Михаил подошел к Василию Алексеевичу. Смотрит на учителя и ласково и хитро:
— Василий Алексеевич, можно одну просьбу высказать?
— Какую еще просьбу? Не до ваших просьб мне сейчас, как вы не понимаете.
— Простите, и представьте себе, понимаем. Будьте любезны дать мне адреса Сакулина и Когана. Мы, ваши ученики, почти все крестьяне. Что-что, а сухарей подослать сможем.
— То есть как? С чего это вдруг — вы? Ну я еще обязан, я все же у Сакулина учился. А вы тут причем? Не понимаю.
— Василий Алексеевич, может скажу грубо, как думаю, но потом поймете. Время поможет.
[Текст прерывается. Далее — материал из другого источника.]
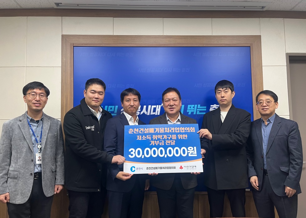 춘천 건설폐기물처리업 협의회는 지난 12월 30일 춘천시 부시장실에서 기부금 3,000만 원을 춘천시에 전달했다.
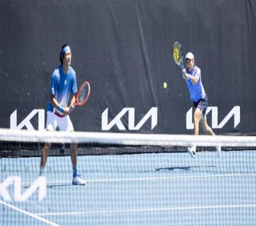 張之臻/商竣程(右)在比賽中。 當(dāng)?shù)貢r(shí)間1月21日,在墨爾本進(jìn)行的2026年澳大利亞網(wǎng)球公開(kāi)賽男雙首輪比賽中,中國(guó)組合張之臻/商竣程1比2不敵拉姆(美國(guó))/艾伯登(澳大利亞)組合,無(wú)緣下一輪。 新華社發(fā)(胡涇辰攝)
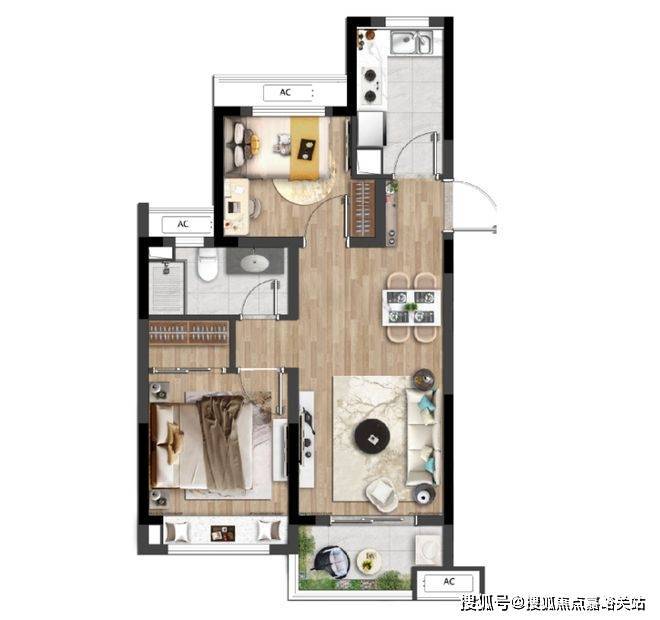 建面约74㎡户型样板间实拍
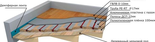 Тази версия на устройството за топъл воден под е идеална за помещения, където при определени обстоятелства не е възможно да се напълни Бетонна замазка. Най-често това са дървени сгради, помещения, където таваните вече са много ниски, а също така може да има ситуации, когато проблемът е в доставката на бетон до работното място.
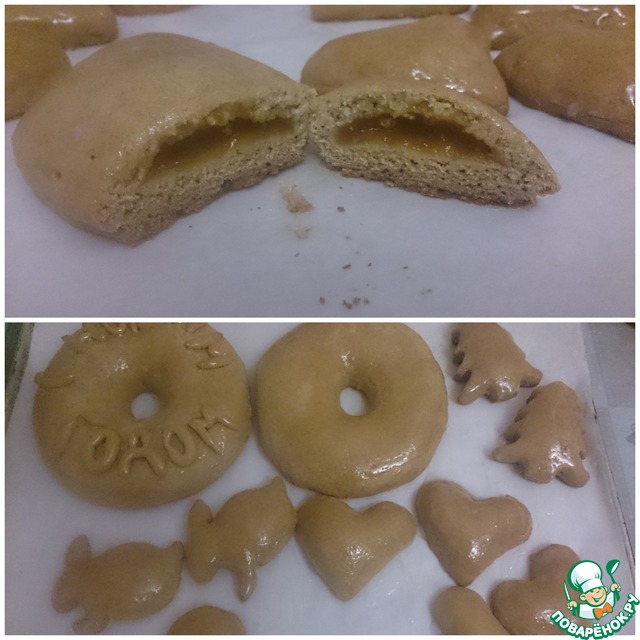 Действительно очень вкусные пряники. Позвольте опишу свой опыт для других поварят, которые только собираются приготовить пряники. Массу нагревала в кастрюле с толстым дном, специи: молота гвоздика, имбирь, корица и мускатный орех по 0.5 ч.л.. Советую после введения количества муки по рецепту убрать тесто в холодильник (уже писали ранее, этим советом я и воспользовалась), а потом при раскатке уже добавлять по необходимости. Делала начинку из свежей чёрной смородины, пробитой блендером и проваренной с сахаром и крахмалом. Выкладывала много, как в пирожки, не понравилось, следующий раз намажу тонким слоем, чтобы была тонкая прослойка. И глазурь! именно на горячие пряники, сразу из духовки.

А адреса все же дайте.
Получив адреса, Михаил распрощался с хозяевами и увел меня с собой.
За вечер мы обошли всех сокурсников. У кого был каравай хлеба, половину отдали нам. У Семена Андреева оказалось пшено, отсыпал. Делились всем, мукой, маслом.
На утро Михаил не пошел в семинарию. Вдвоем с моей матерью Надеждой Яковлевной они топили печь, сушили сухари. Вечером мы сколачивали ящики, бережно укладывали сухарик к сухарику. Обшивали ящики холстом, писали адреса. Михаил сиял и заглядывал под руку, посмеивался:
— Смотри, ошибки не сделай, не кому-нибудь пишешь, а профессору литературы.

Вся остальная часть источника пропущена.